Clothing primarily aims to protect the human body and provide comfort.¹ The ideal clothing should provide thermal insulation in cold climates, but protection from sunburn damage and wicking perspiration are commonly important in hot climates. An individual should change their clothing under different thermal and moisture conditions; clothing is indispensable to body temperature regulation and thereby to personal survival. Developing novel fabric materials with moisture management and smart thermoregulation properties is important not only in daily clothing and sportswear,² but also in clinical applications, wound healing, tissue engineering, dermatology, and so on.

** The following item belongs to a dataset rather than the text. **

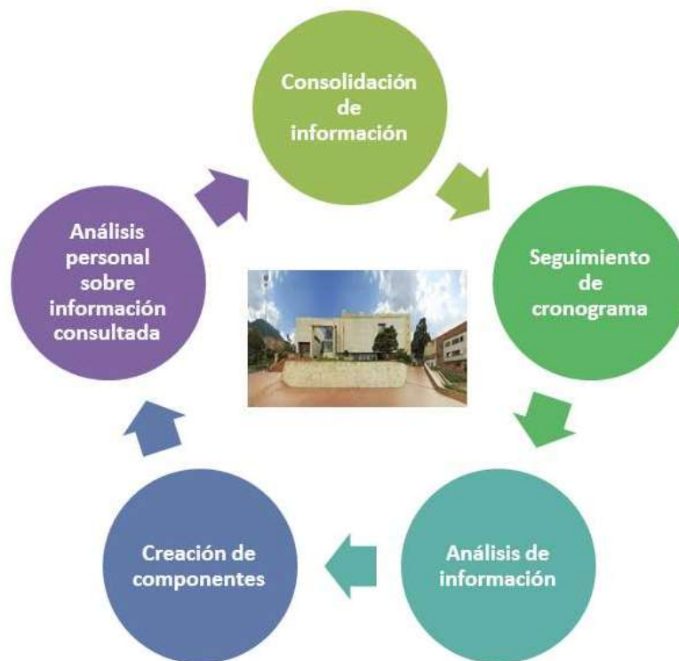
DISEÑO Y ESQUEMA GRÁFICO
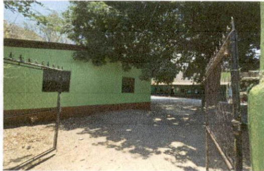
Foto 1: En la imagen se muestra la entrada al establecimiento y al fondo las aulas que necesitan reparaciones.

Comfortable clothing should transmit moisture and heat in the form of sensible and insensible perspiration from the body to the environment to regulate thermal insulation caused by moisture build-up.³ Fabrics primarily aim to maintain body warmth and prevent perspiration evaporation when the temperature of the environment is lower than that of the body. Thus, cotton fabrics are primarily and popularly used as underwear materials with high moisture regain to maintain body warmth. Sensible perspiration drips off the skin rather than evaporate to exert a cooling effect when the temperature of the environment is higher than that of the body; fabric surface properties affect sticky perception during insensible perspiration. Fabrics in contact with the skin should be dry to the touch. As a result, perspiration can be rapidly expelled from the fabric during the contact and more sweat must be evaporated from the body surface to prevent increased core temperature and injuries to the body. Hence, synthetic fibers exhibit an advantageous dry fit function particularly in sportswear.⁴

Such responsive fabric materials have not been reported; these materials present smart interfacial properties with perspiration and thermoregulation during environmental temperature changes to adjust comfort of textiles. Thermoresponsive polymers are smart materials that undergo physical changes in response to external temperature stimulus. A dynamical balance of hydrophilic and hydrophobic phase behavior exists in the polymer chain; this property is typical for polymers that form hydrogen bonds with water. Thermoresponsive polymers originate under a low critical solution temperature (LCST), at which the polymer lines are converted between hydrophobic to hydrophilic; LCST can be modified by adding hydrophobic branches.^5,6

In this study, we present a facile and efficient strategy for grafting a thermoresponsive polymer on cotton surface to form smart surfaces/interfaces.⁷ Poly(N-isopropylacrylamide) (PNIPAM) was selected because its LCST (32 °C) is similar to the skin temperature of humans; PNIPAM has also been extensively studied in controlled drug delivery systems, bio-conjugation, tissue engineering, biosensors, water collection and nano-lithography.^5,7–13 In the present report, we successfully grafted thermoresponsive polymer brushes on cotton surfaces by using surface-initiated atomic transfer radical polymerization (ATRP). Thermal responsiveness of the modified fabrics was investigated by determining moisture regains, hygroscopicity, surface contact angle, and responsive thermoregulation at lower/higher temperature than LCST.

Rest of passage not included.